INCA aims to provide a bundle of scraping and analysis functionalities for social scientists. The main goals are to facilitate
- Data collection from websites and social media.
- Basic processing, such as tokenizing, lemmatizing, POS-tagging, NER
- Some analyses such as machine learning or time series analysis
INCA is currently under heavy development. We cannot guarantee that it works as expected.
For those brave enough:
Direct pip-install, because it's easy (not for development)
pip install git+https://github.com/uvacw/inca.git
Starting INCA using Docker containers
This is the most basic setup for inca in self-built container, without linking it to Elasticsearch.

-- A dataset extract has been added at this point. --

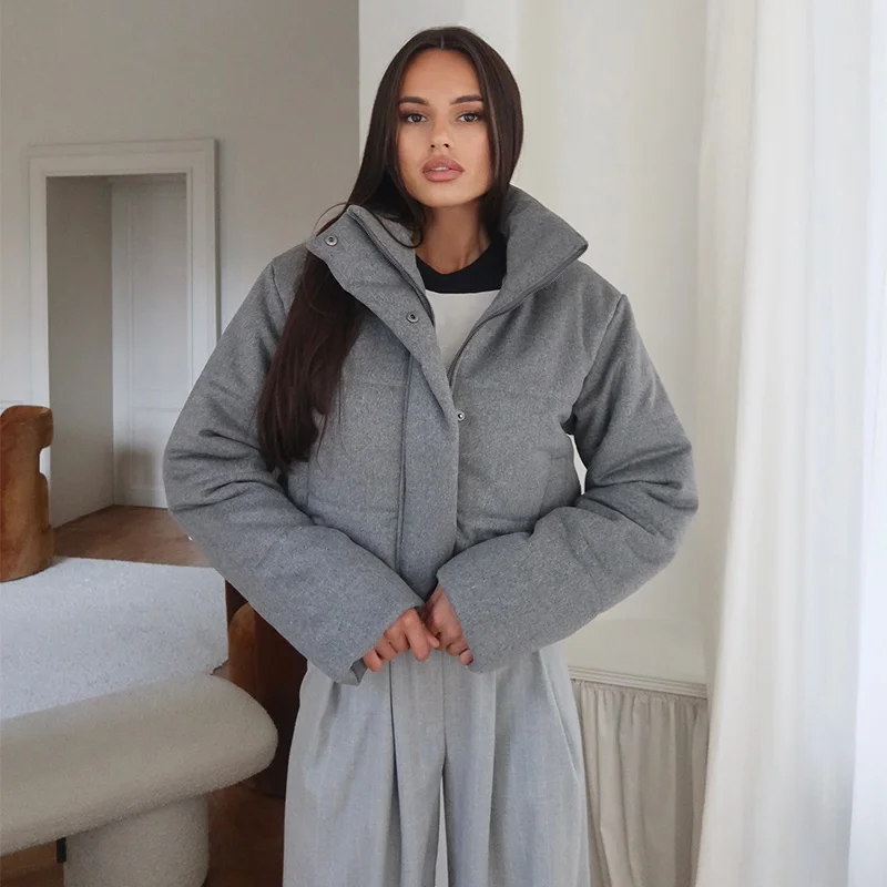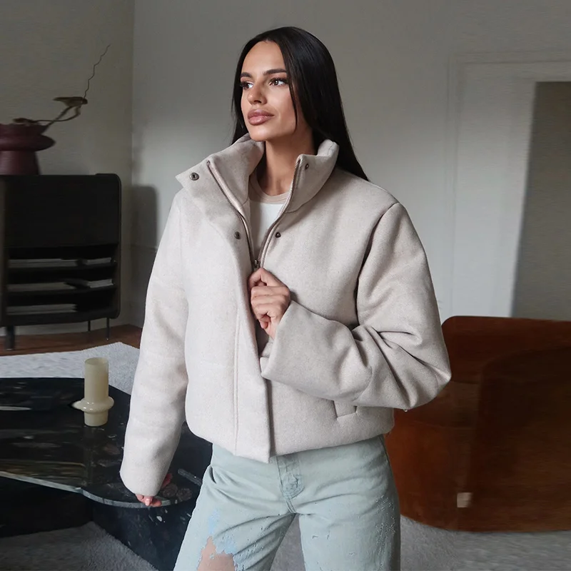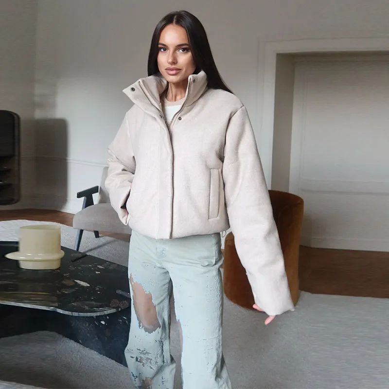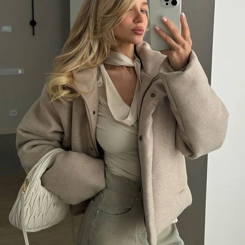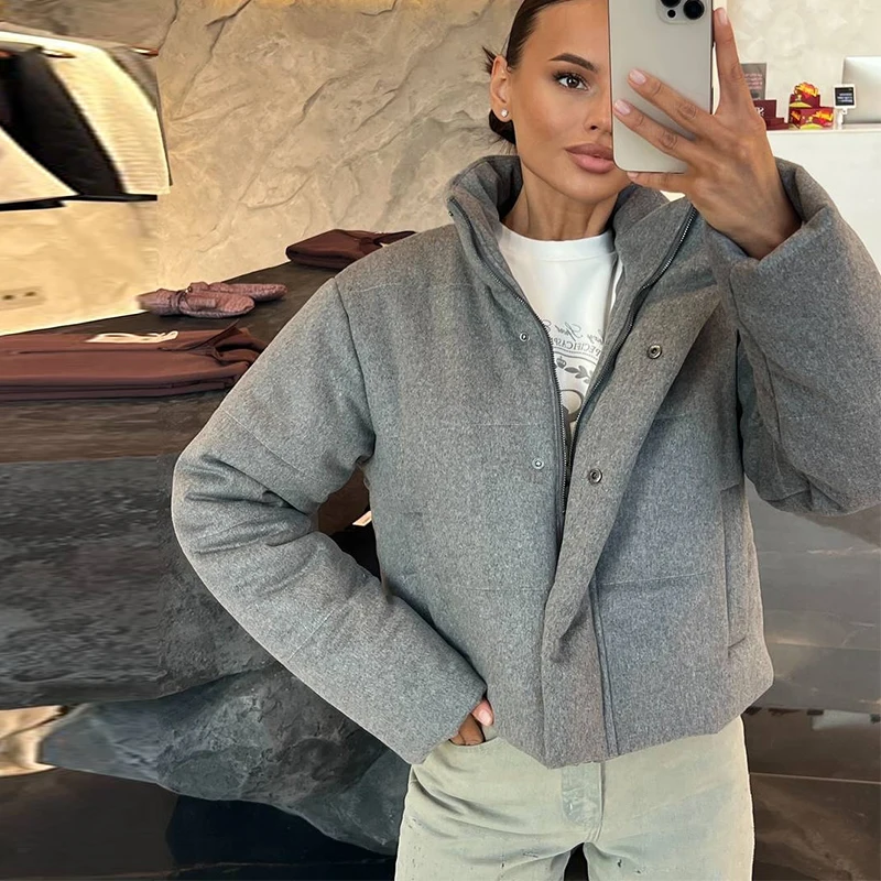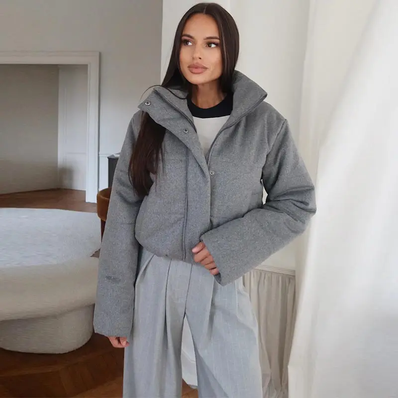 Casual Hooded Cotton-padded Coat Women Solid Single Breasted Zipper Cropped Coats Female Autumn Winter Fashion Lady Warm Outwear
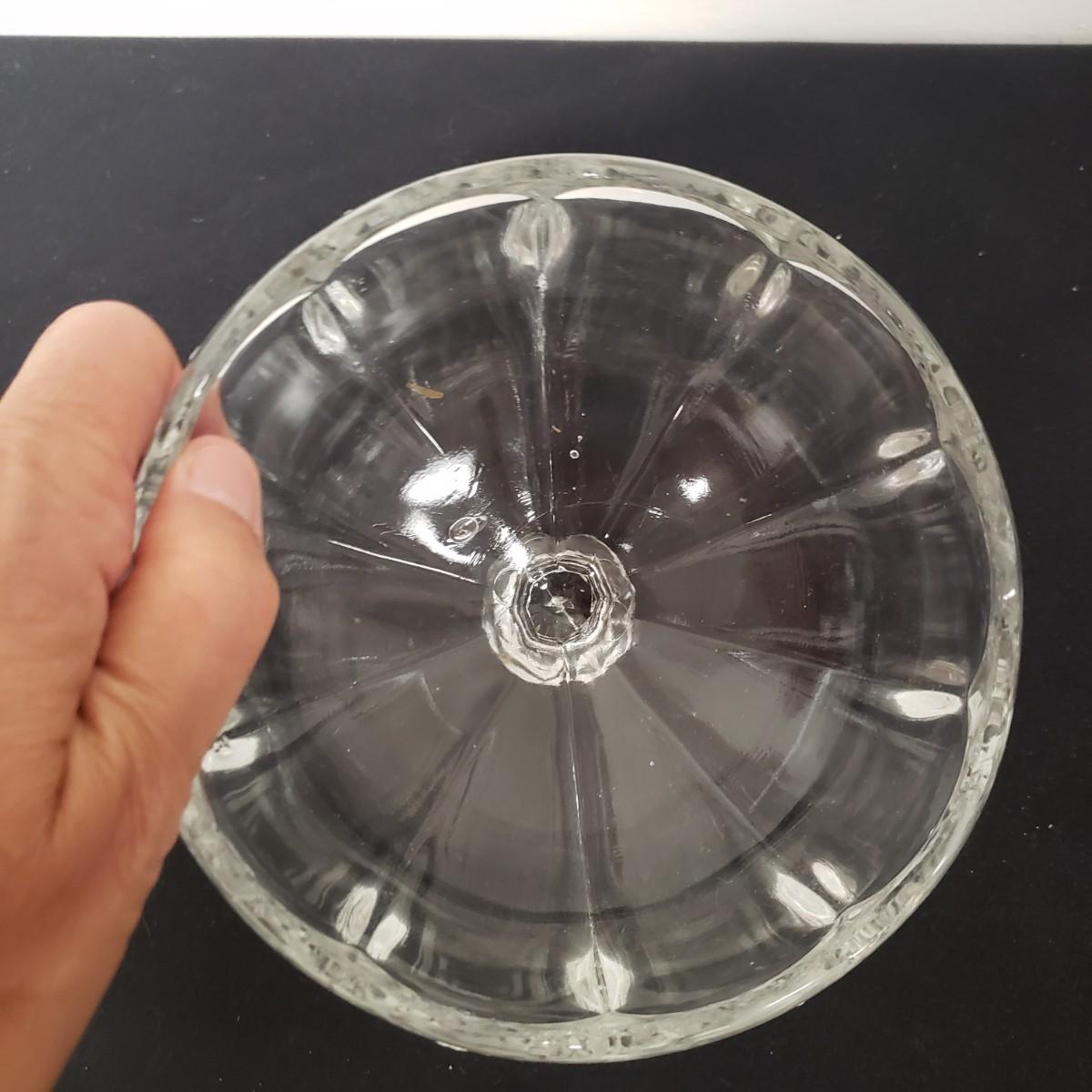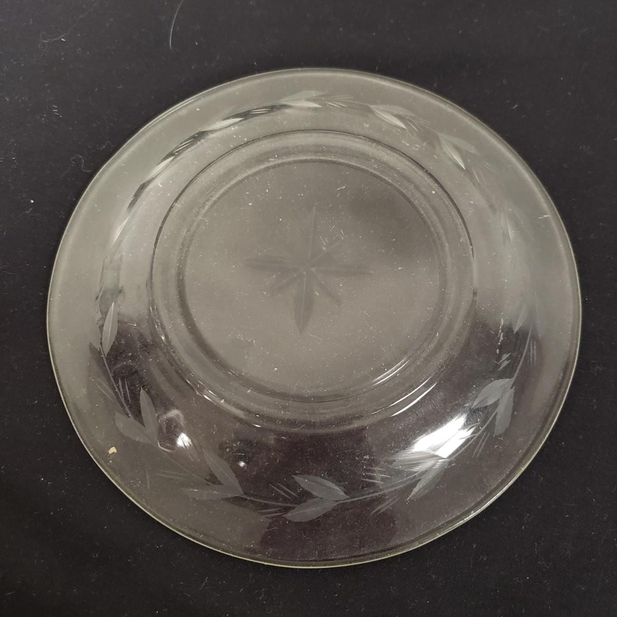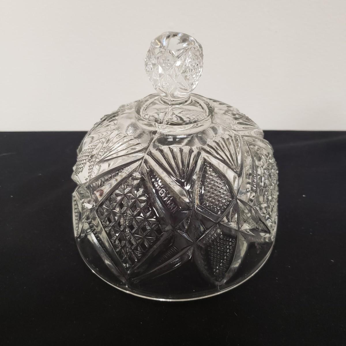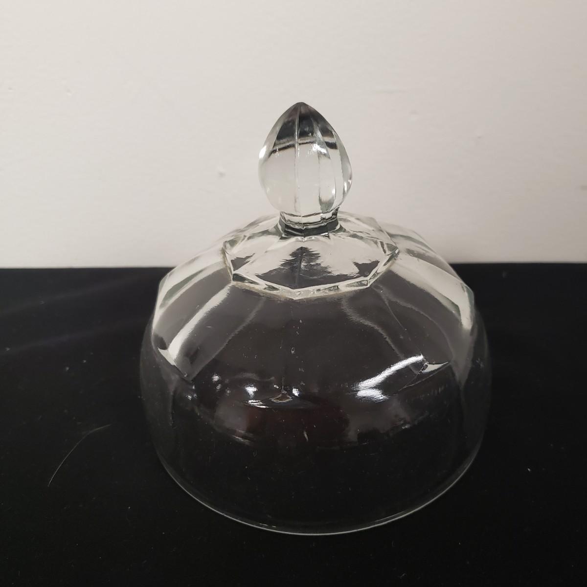 Glass Deviled Egg Dish, 2 Crystal Toothpick Holders, 1 etched Small Plate and 4 Cheese Domes. The clear glassed deviled egg dish (11"x1.5") with a center circle of dots would be a great entertainment piece. The 2 crystal pair of toothpick holders have a cut glass feel on the outsides and measure 2"x 2.5". The small etched plate measures 6" and is in fair shape. The 4 clear glass domes all measure about 6"x5" and can be used to cover candy, butter or cheese if you will. They appear to be in good condition. The smallest plain clear one has a bubble in the glass, as seen in pictures.

- Starting Elasticsearch for data storage
docker run -it \ -p 9200:9200 \ -p 9300:9300 \ -e "discovery.type=single-node" \ --name=inca-elastic \ docker.elastic.co/elasticsearch/elasticsearch:6.8.5
- Building the INCA container ...
cd path/to/folder/inca docker build -t inca .
- Run the container
# first time docker run --name test-inca -it inca python # thereafter docker start test-inca docker attach test-inca
Starting INCA directly on your machine ('bare metal')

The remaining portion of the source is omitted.